The Economic Partnership Agreement (EPA) between the SADC EPA countries (Botswana, Lesotho, Namibia, Mozambique, South Africa and Swaziland) and the European Union (EU) was signed on 10 June 2016 in Kasane, Botswana. The EU-SADC Economic Partnership Agreement (EU-SADC EPA) provisionally entered into force between the SACU countries and the EU on 10 October 2016. While the UK remains a member of the EU, the EU-SADC EPA will continue to apply to trade between the SADC EPA countries and the UK.
“The UK is in the process of exiting the EU. The SACU Ministers welcomed the UK’s intention to avoid disruption for its trading partners as it withdraws from the EU. The UK re-affirmed its commitment to the trade arrangement under the current EU-SADC EPA and to maintain current market access to the UK following its withdrawal from the EU, and to ensure continuity of the effects of the EU-SADC EPA,” reads Seretse and the Lord Mark Price.
The Brexit discussions officially began this week, amid scepticism by many Britons and others that the UK will in fact leave the EU. After last year’s referendum in favour of leaving, many Britons are believed to have had second thoughts, largely because of the negative impact the prospect of Brexit has already had on the country’s economy.
UK trade minister Mark Price today dismissed the possibility of a reverse on Brexit, noting that in the recent general election, 85% of Britons had voted for parties which supported a divorce from the EU. He added that many people thought Britain’s decision to leave the EU was a sign of an inward-looking and protectionist attitude. The truth was exactly the opposite, he insisted. “We want to use the opportunity of leaving the EU to become Global Britain,” he said. The UK would trade even more with the world, to help lift people from poverty.
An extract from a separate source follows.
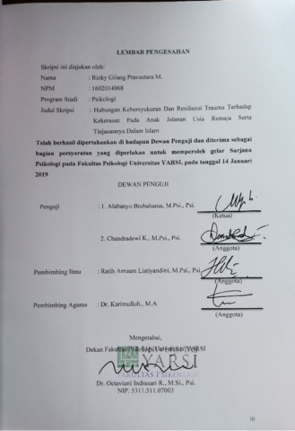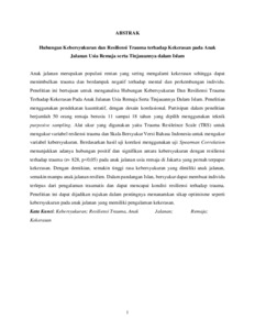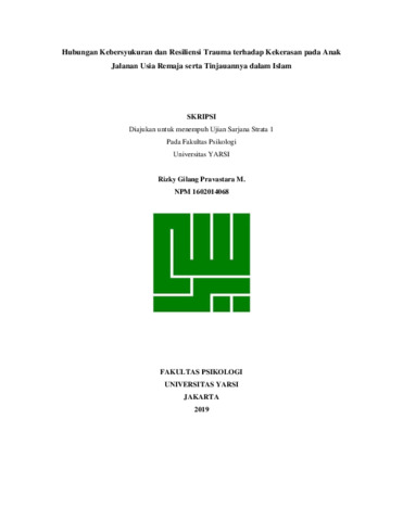 Mahardhika, Rizky Gilang Pravastara (2019) HUBUNGAN KEBERSYUKURAN DAN RESILIENSI TRAUMA TERHADAP KEKERASAN PADA ANAK JALANAN USIA REMAJA SERTA TINJAUANNYA DALAM ISLAM. Diploma thesis, Universitas YARSI.

Once the UK had dealt with the business of leaving the EU, it would seek to negotiate even better trade deals with all its partners, including SACU and SADC.
Implications of Brexit
Gerhard Erasmus writing on ‘Some Implications of Brexit for Southern African Trade Relations’ in the Tralac Trade Brief notes that exit from the EU means that most aspects of secure international agreements, including the multilateral systems of the World Trade Organization (WTO), will now have to be renegotiated.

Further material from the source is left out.